- Assignment -
From the line containing "٧ (H2SO4) = 588 / 98 = 6 моль" through the last line of the records below, output every line exactly as it appears, but leave out the pictures.

** Opening Data section block **

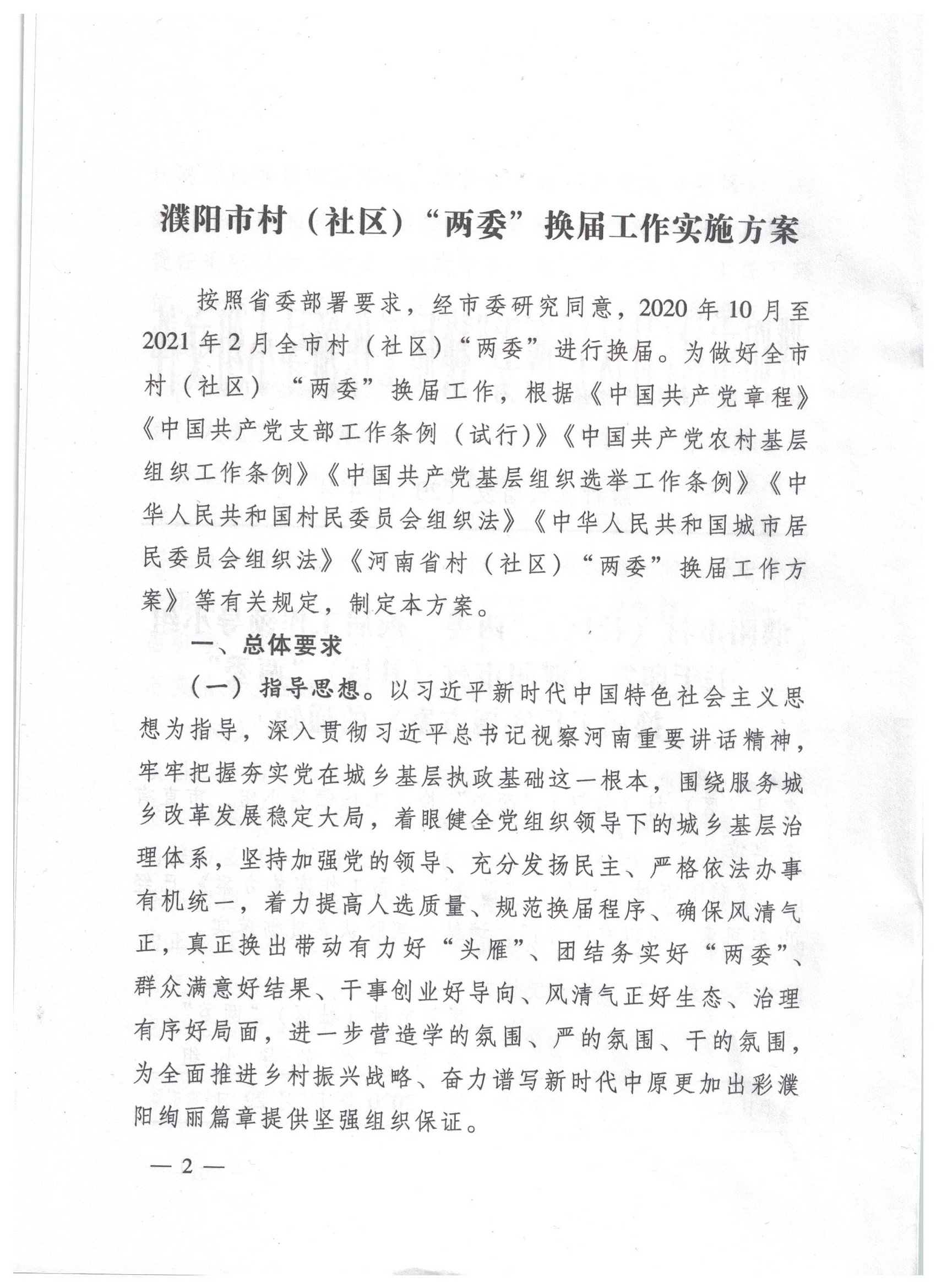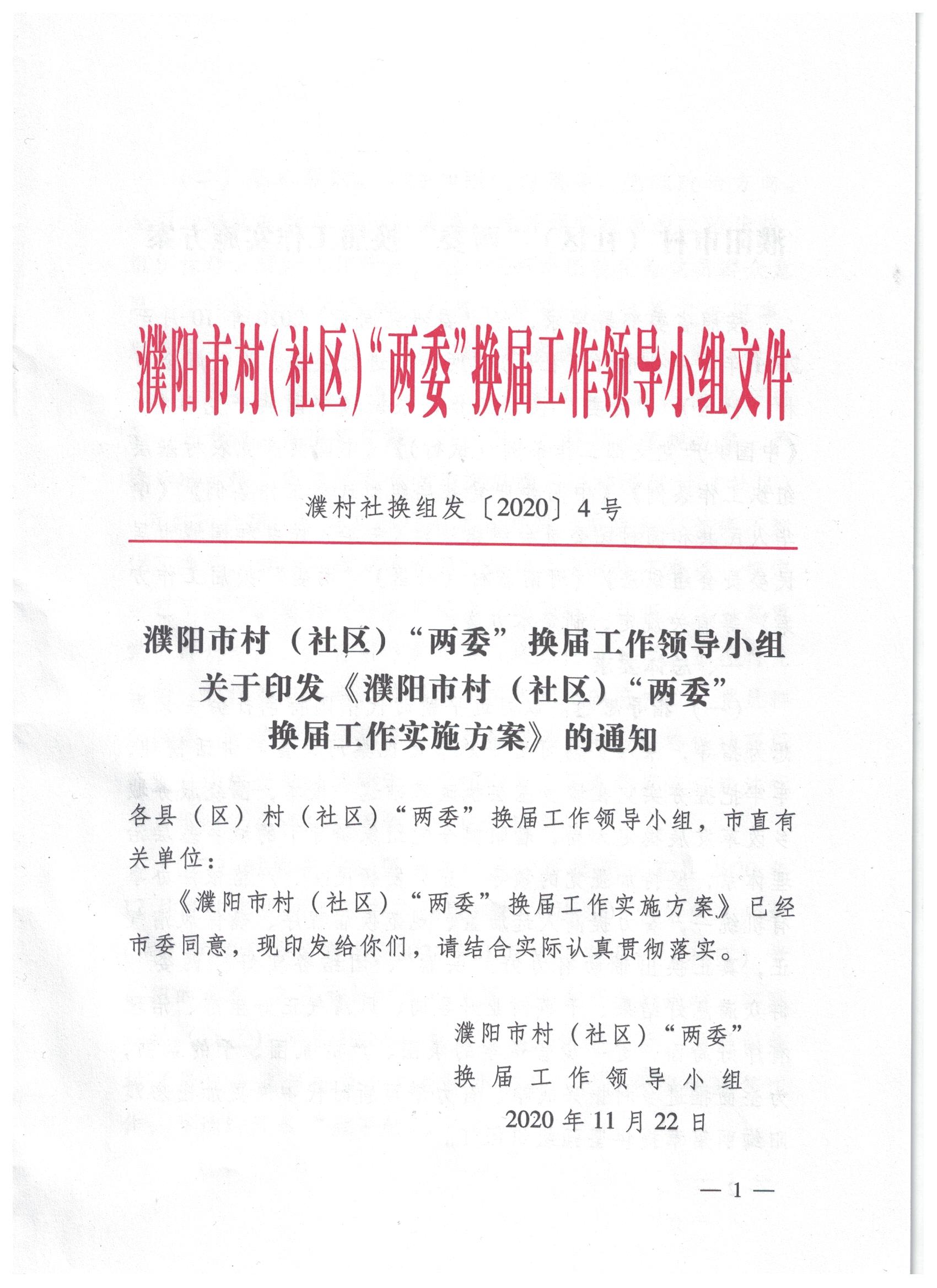 濮阳市村(社区)“两委”换届工作领导小组 关于印发《濮阳市村(社区)“两委”换届工作实施方案》的通知
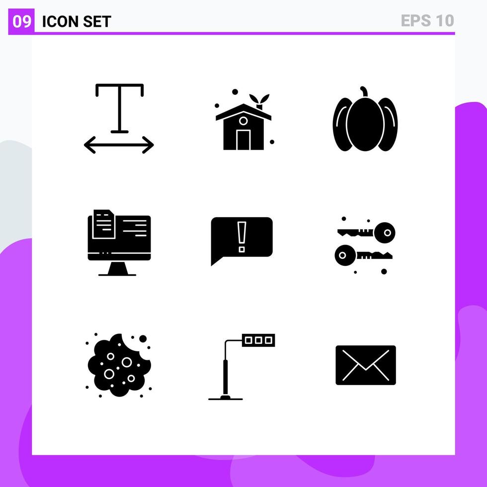 9 concepto de glifo sólido para sitios web móviles y aplicaciones criptografía error básico de vegetales elementos de diseño de vectores editables en línea
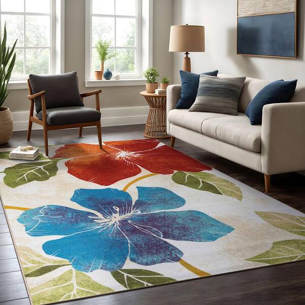 Bahamas Floral Leaf Multi 8 ft. x 10 ft. Non-Slip Rubber Back Indoor Area Rug
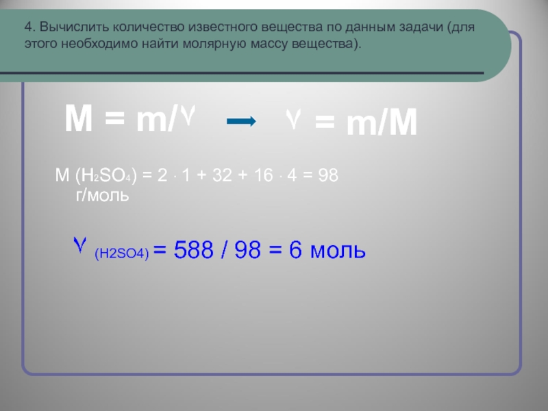 ٧ (H2SO4) = 588 / 98 = 6 моль
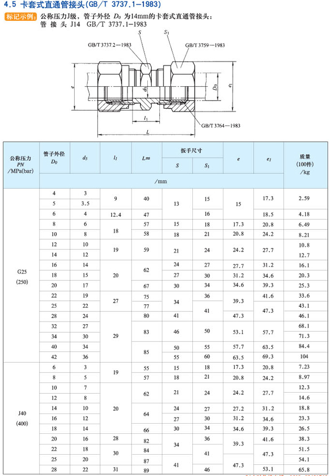 卡套式直通管接头
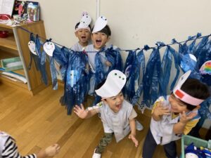 7月。立派に生長した竹を切ってもらい、年少組、年中組のお部屋まで運びます。願いを込めた七夕かざり。
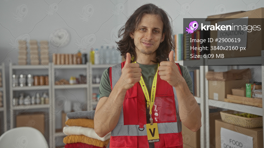 Man holding volunteer badge and yellow lanyard with hands in community center building among boxes and shelves; compassion service.
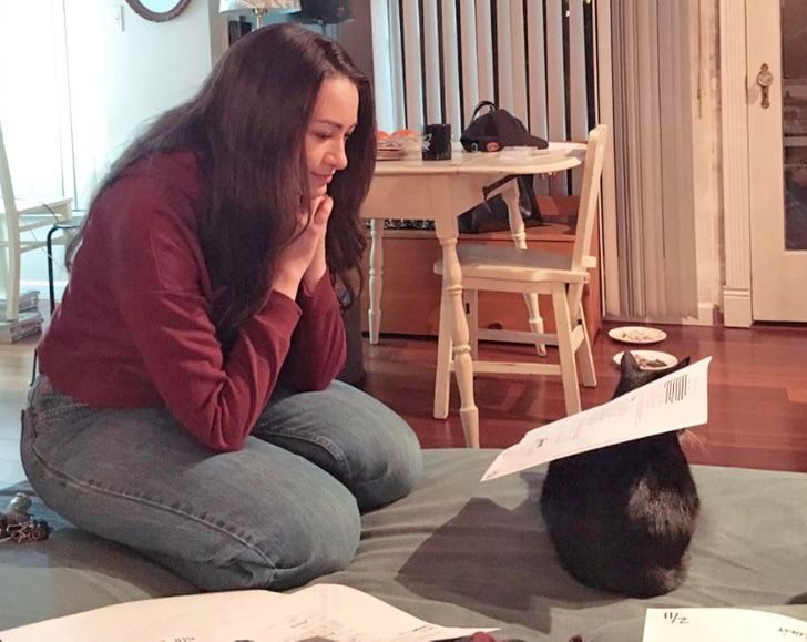 «Кот помогает мне учиться — он просто лег на меня, чтобы я не могла встать»
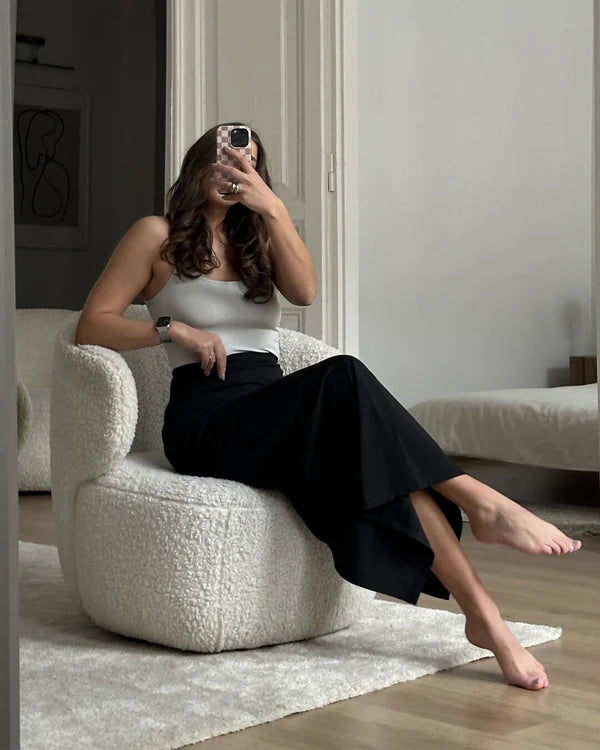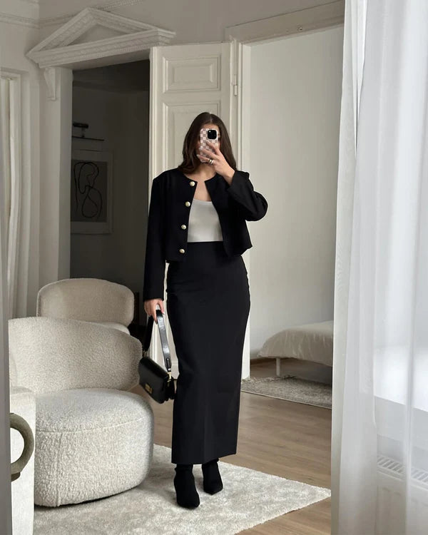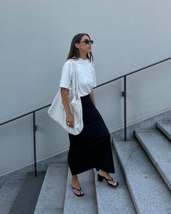 This is a fitted pencil-fit maxi skirt that is designed to be full length. Size up if you want a slightly less hugging sensation.

** Closing Data section block **

- Expected answer -
 ٧ (H2SO4) = 588 / 98 = 6 моль
 卡套式直通管接头
 7月。立派に生長した竹を切ってもらい、年少組、年中組のお部屋まで運びます。願いを込めた七夕かざり。
 Man holding volunteer badge and yellow lanyard with hands in community center building among boxes and shelves; compassion service.
 «Кот помогает мне учиться — он просто лег на меня, чтобы я не могла встать»
 This is a fitted pencil-fit maxi skirt that is designed to be full length. Size up if you want a slightly less hugging sensation.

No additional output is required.